| Follow Us: Facebook Twitter LinkedIn RSS Feed


How to fix DC's downtown "playground desert"

A child rides a zip line at a renovated D.C. playground

D.C.'s fast-growing downtown neighborhoods have new restaurants, offices and apartments--but few playgrounds. With thousands of children expected to be born in the District in the next five years, where will they all play?
An official map of D.C.’s parks blooms like a colorful garden, with the flower-shaped asterisks used to represent new playground projects forming a bright circle over the city. A second look, however, reveals a problem: the circle is more like a wreath, with park and playground improvements planned for the outer neighborhoods, and lots of blank spaces left downtown.  There’s parkland, but almost no outdoor play space for kids in the center of the District, and parents say this poses a challenge to the city’s livability.

“When you have a kid between 18 months and three years old, you suddenly realize that you need space for them to run and play,” says Danielle Pierce, a playground advocate and co-founder of Downtown DC Kids, an online group dedicated to making D.C. accessible and livable for families. “You can’t just put a kid down on the ground in Dupont Circle and expect them not to eat condoms.” 

In many ways D.C. has become a victim of its own popularity; there are now more kids than there used to be in many neighborhoods and many people wanting to raise their children in places that did not used to be heavily residential a few years ago. The public’s response to being able to live close to where they work created a rate of demographic change in D.C. that has surprised everyone.  Ward 6 alone has added more than 8,500 new residents between 2000 and 2010. The city anticipates more than 114,000 new residents will arrive in D.C. overall by 2020; 40,000 of those are expected to be children.
“You can’t just put a kid down on the ground in Dupont Circle and expect them not to eat condoms.” 

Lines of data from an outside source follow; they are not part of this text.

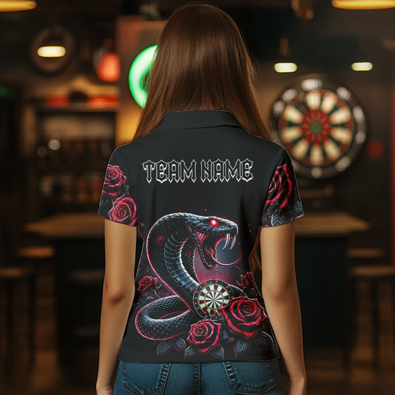 Personalized Rose And Dartboard Custom Cobra Snake Dart Shirt For Women, Dart Jerseys Polo & 1/4 Zip TDM3749
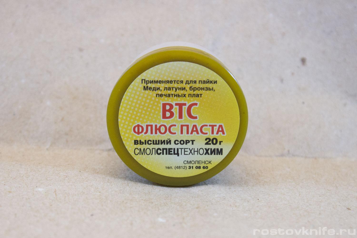 ВТС - активный флюс для пайки меди, серебра, золота и их сплавов. Изготовлен на основе органических кислот, благодаря чему действует в основном на окислы и загрязнения а не на сам металл. Состав: 63% технического вазелина, 6,3% триэтаноламина, 6,3% салициловой кислоты и этилового спирта. Остатки флюса удаляют протиркой детали спиртом или ацетоном.
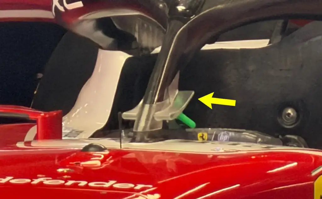 Επειδή οι κανονισμοί δεν επιτρέπουν σημαντικές αναβαθμίσεις κινητήρα μέσα στη σεζόν, τομέα στον οποίο η Ferrari υστερεί έναντι της Mercedes, οι μηχανικοί στο Maranello επικεντρώνονται στη βελτίωση της απόδοσης στην αεροδυναμική. Το μικρό πτερύγιο που έκανε την εμφάνισή του στο Halo είναι μια εντελώς νέα προσέγγιση. Στο παρελθόν ομάδες είχαν επεξεργαστεί αεροδυναμικά τα επάνω τμήματα του Halo, αλλά όχι το κεντρικό του στήριγμα.
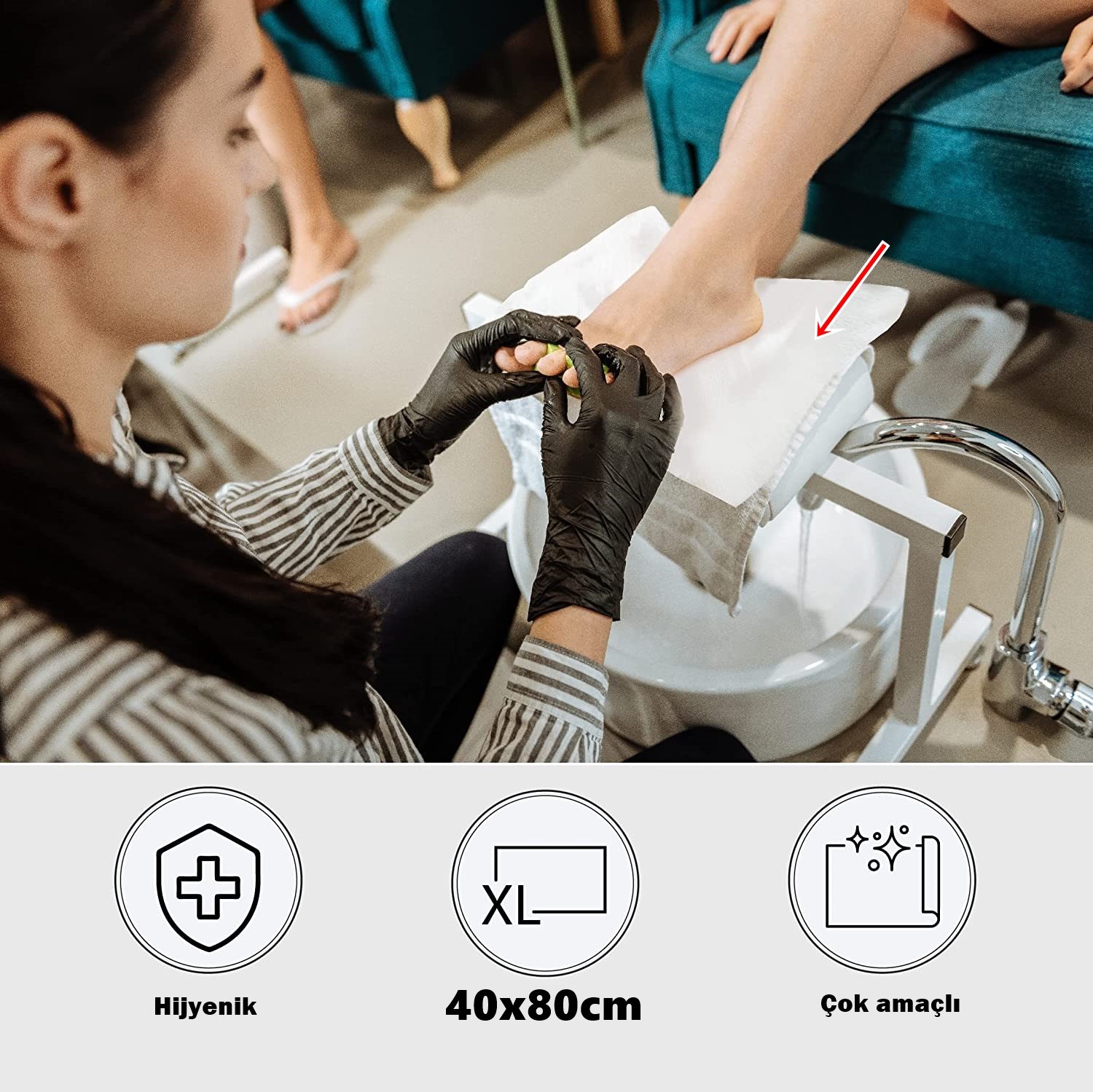 TEK KULLANIMLIK HİJYENİK TASARIM : Manikür/Pedikür/Tırnak havlusu tek kullanımlık bir tasarımdır ve kullanımı kolaydır. Ellerinizi rahat bir HAVLU alanına koyun, ellerinizi temiz tutun. Manikürcüler veya kişisel manikür masa örtüleri için çok uygundur, rahat ve uygun bir ölçüye sahiptir.
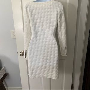 Super cute & sexy long sleeve white dress detailed with silver at the collar and cuffs.
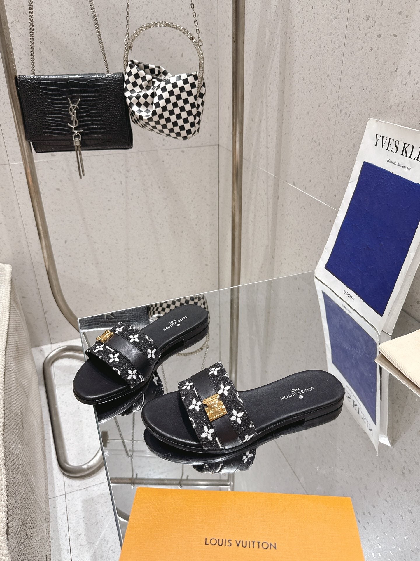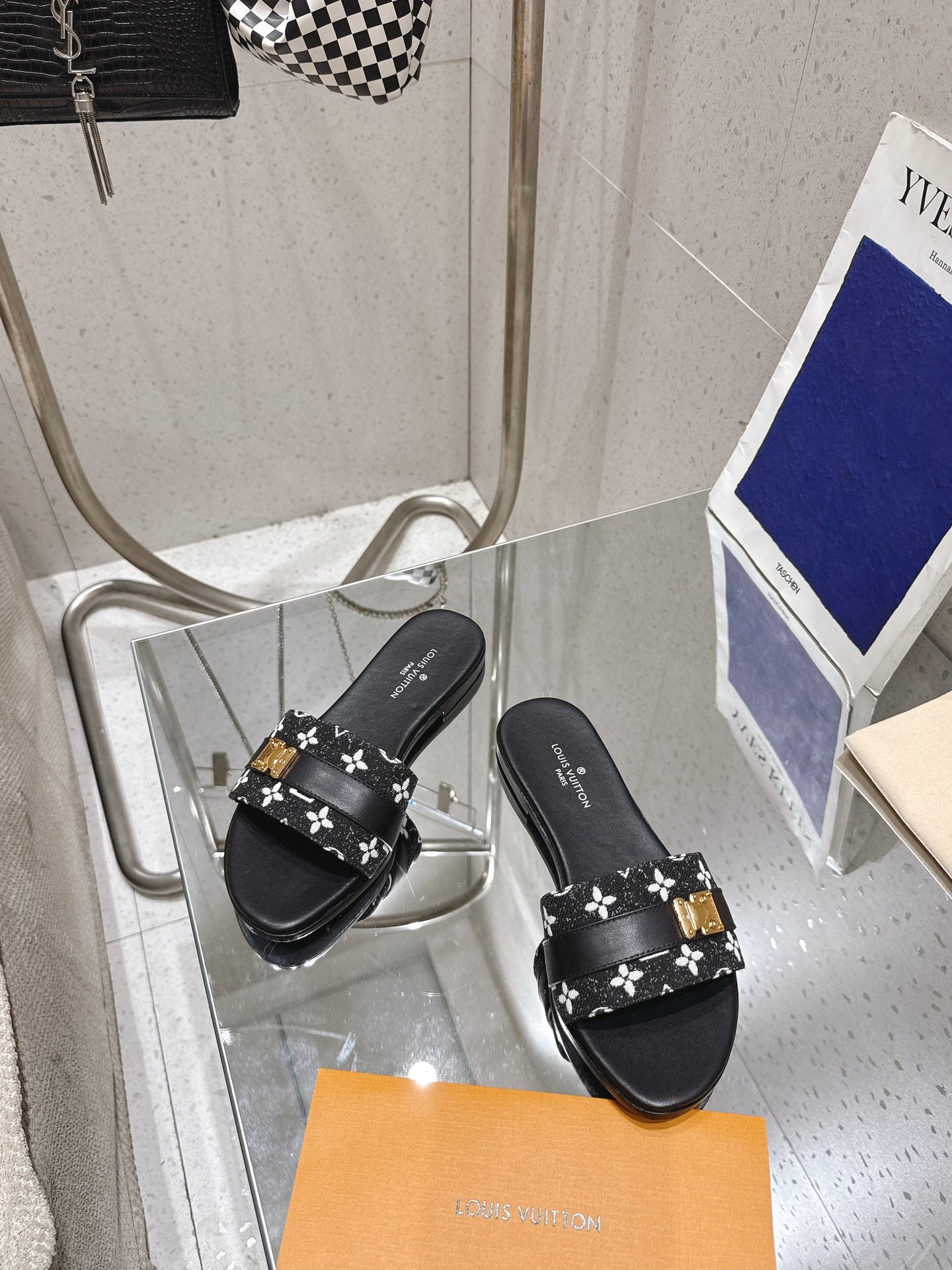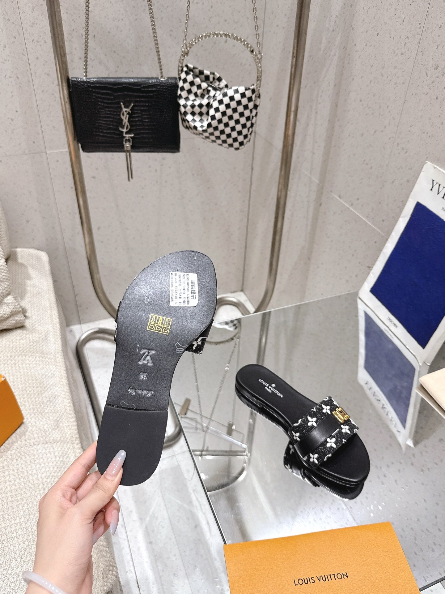 LV Flat Mules pairs raffia black monogram cowhide 383722
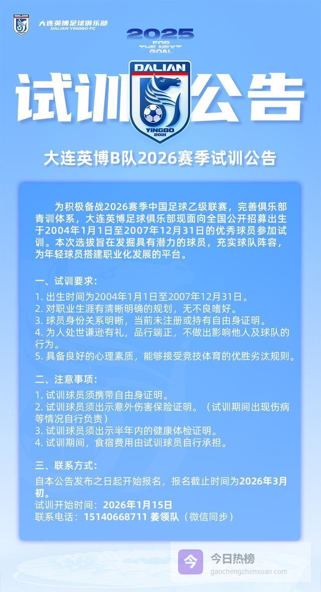 看看英博B队2026年1月份那个“面向全国”的试训公告,条件写得明明白白:04-07年龄段,食宿费用自理。这什么意思?意思就是你来试训,不仅要自带干粮,万一伤了还自己负责。在职业梯队选拔普遍承担食宿甚至给补贴的当下,这种“抠门”姿态本身就说明,他们在用最低成本做人才筛选。
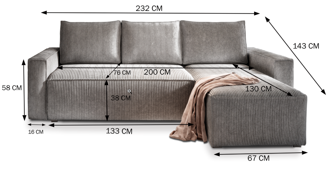 Specifications: Sofa: 246×160cm | Bed: 200×150cm | Corduroy velvet fabric | Universal corner design | Brand new, factory packaged
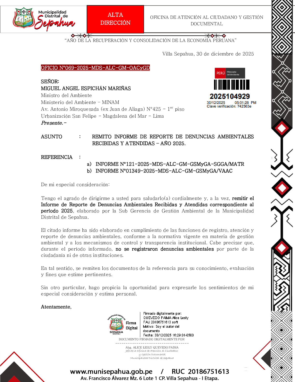 Informe sobre reporte de denuncias ambiental es anuales 2025 Municipalidad Distrital de Sepahua
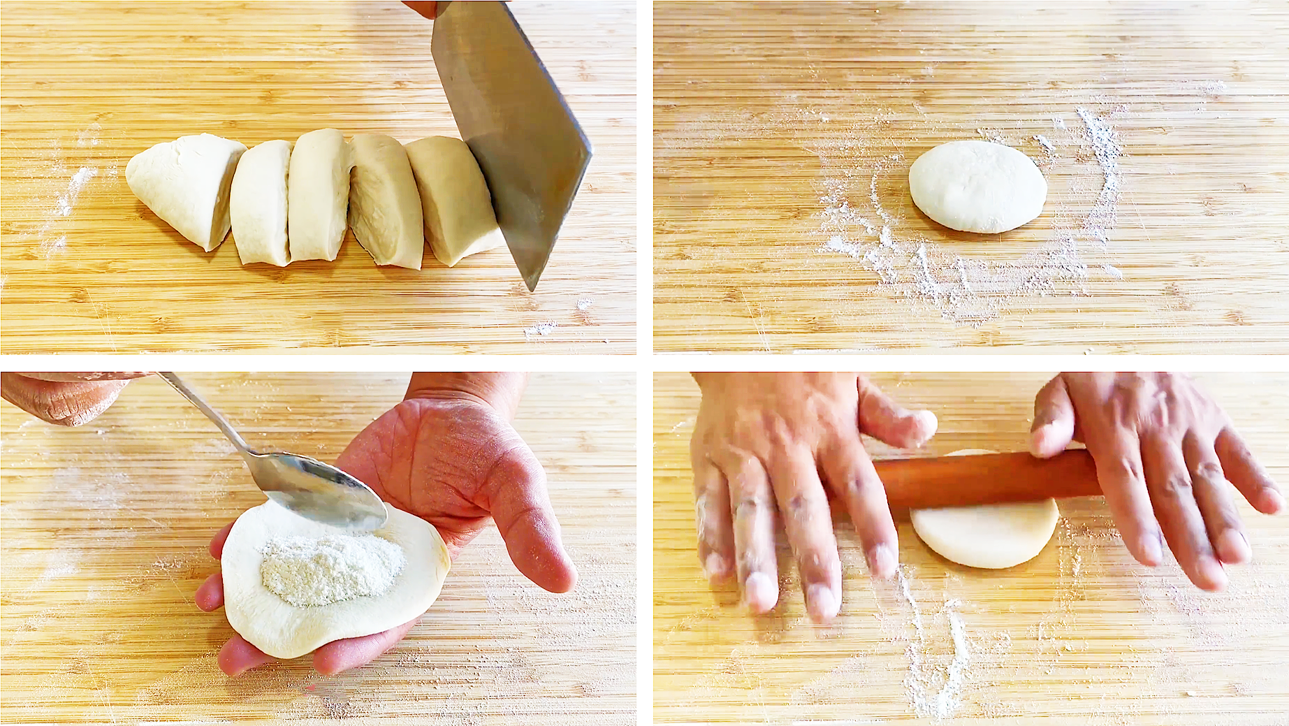 4、面团发酵好之后,取出,然后再揉面排排气,揉好之后,直接团圆按扁,用擀面杖擀成薄面片,不要擀得太薄了,不然影响二次发酵,
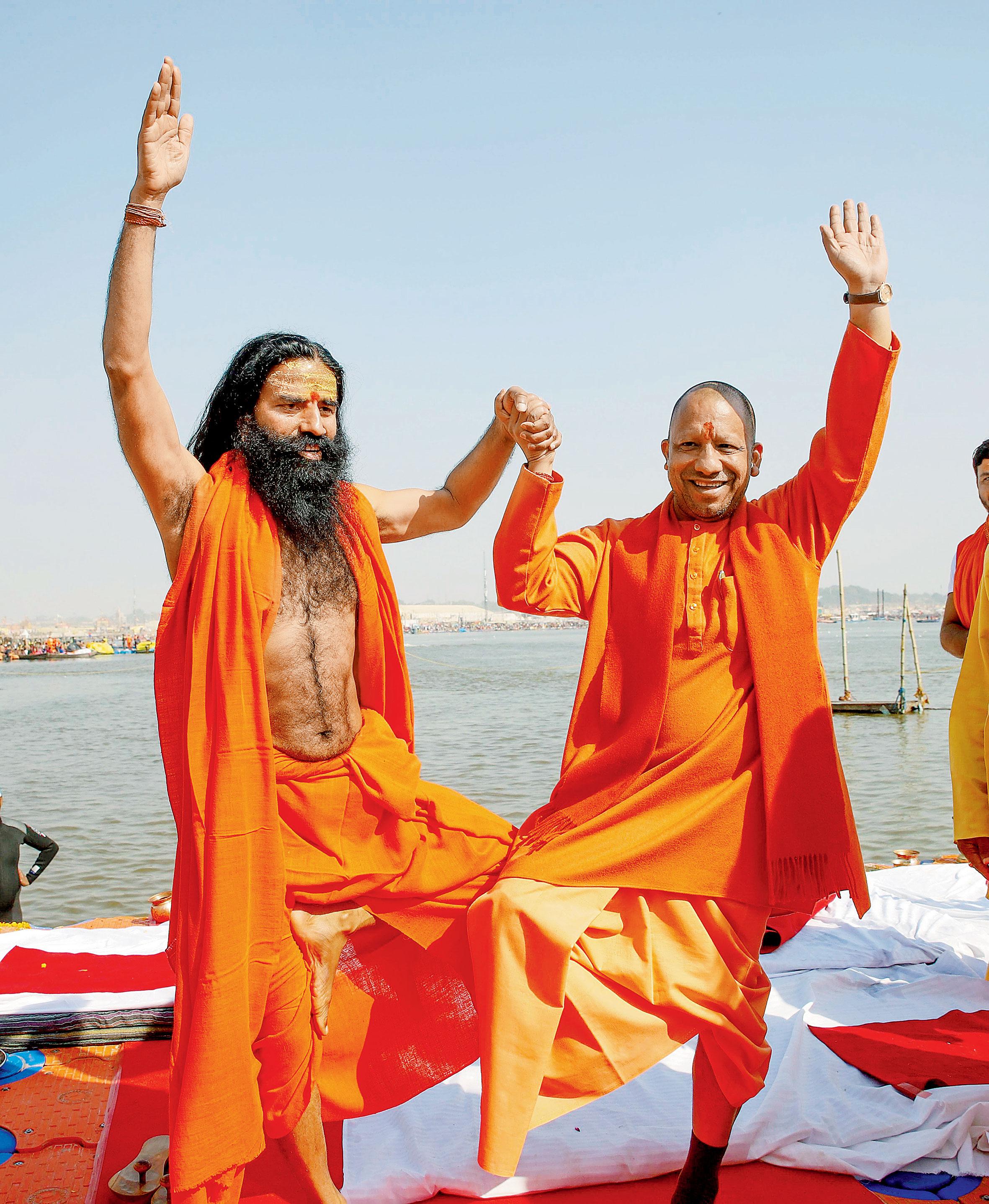 ગઈ કાલે મહાકુંભમાં સંગમ તટ પર યોગાસન કરતા ઉત્તર પ્રદેશના મુખ્ય પ્રધાન યોગી આદિત્યનાથ અને યોગગુરુ બાબા રામદેવ.
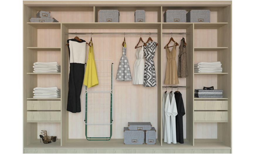 Обычно в таких моделях есть узкие и широкие отделы, первые подходят для полок, а вторые – для перекладин, гладильной доски, пылесоса.
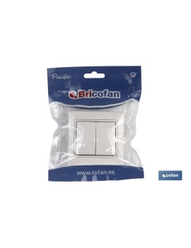 Doble Interruptor-Conmutador de Empotrar en color blanco compatible con todas las cajas de conexiones. Características 10A 250V.
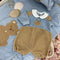 Tutina giro collo in caldo cotone con logo ed orsetto stampati davanti, apertura dietro e all'interno gambe
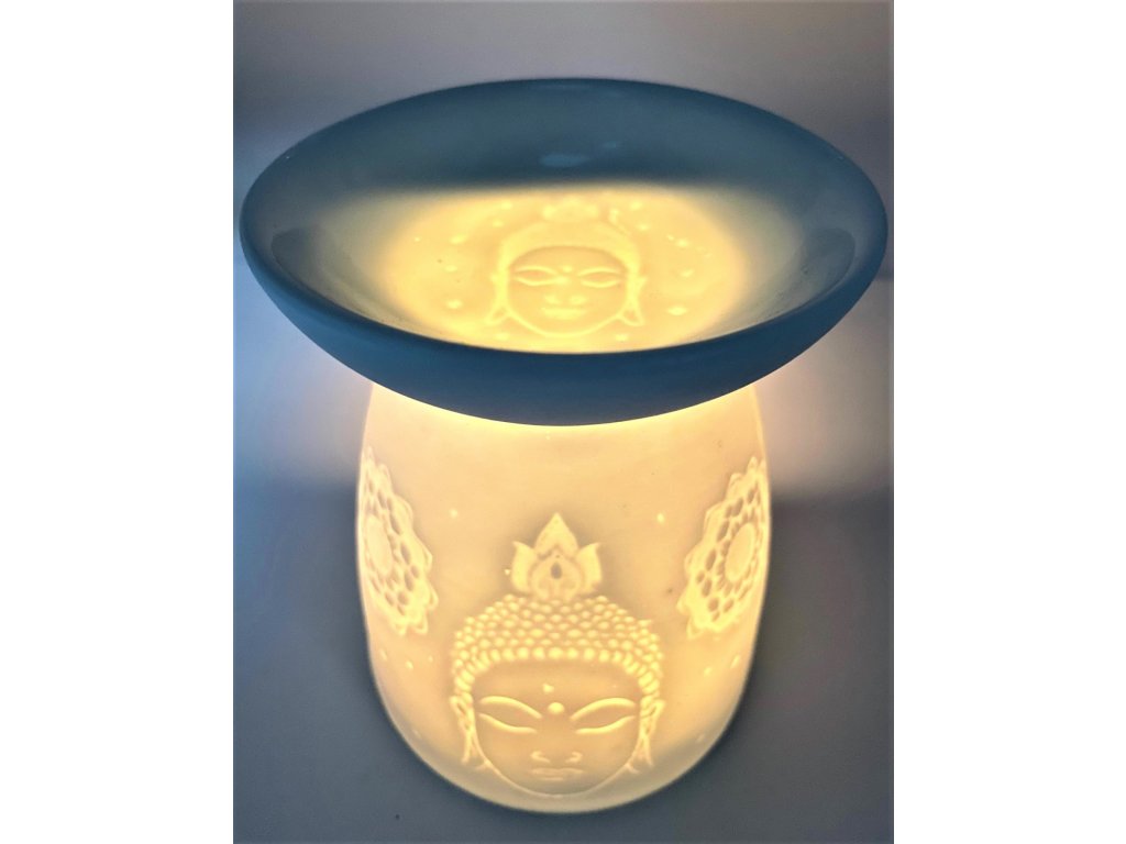 Mani Bhadra Aroma lampa Buddha (bílá keramika), 12,5 x 9,5 cm
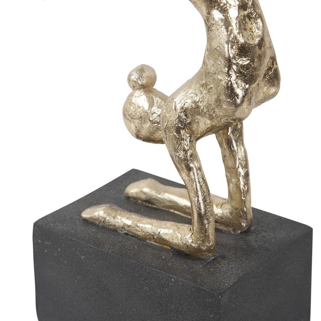 Balance and strength are two main components for this impressive scorpion pose. This yoga sculpture in brilliant gold stretches her legs upward and carefully bends each back one at a time to strength her core.

City agencies have struggled to keep pace, because keeping families with young children from moving out of the District is seen as a true sign that the city is flourishing economically. In addition to good schools, parents often rank access to safe, clean parks and playgrounds as top priorities when it comes to real estate options.  Many who are worried about issues like childhood obesity and “nature deficit disorder” want places where their children to can get outside for exercise, fresh air and access to green space regularly.  So as the city seeks to retain its attractiveness to parents, officials are seeking to add more play space for everyone in all neighborhoods. 

In its 2014 report detailing the city’s new Play DC playground improvement initiative, the Department of Parks and Recreation announced an ambitious goal: to have “meaningful greenspace” of at least one-third of an acre (less than the size of Dupont Circle) within a half-mile of every resident’s home.

“That means a space where there’s some level of recreation, whether it is passive or active,” says Ella Faulkner, a planning and design officer with the parks department. “It should be pleasing, safe, and functional.”
A map showing planned and proposed playgrounds in the District
The agency is first working to improve, upgrade and enhance existing playgrounds across the city that are in disrepair after years of neglect.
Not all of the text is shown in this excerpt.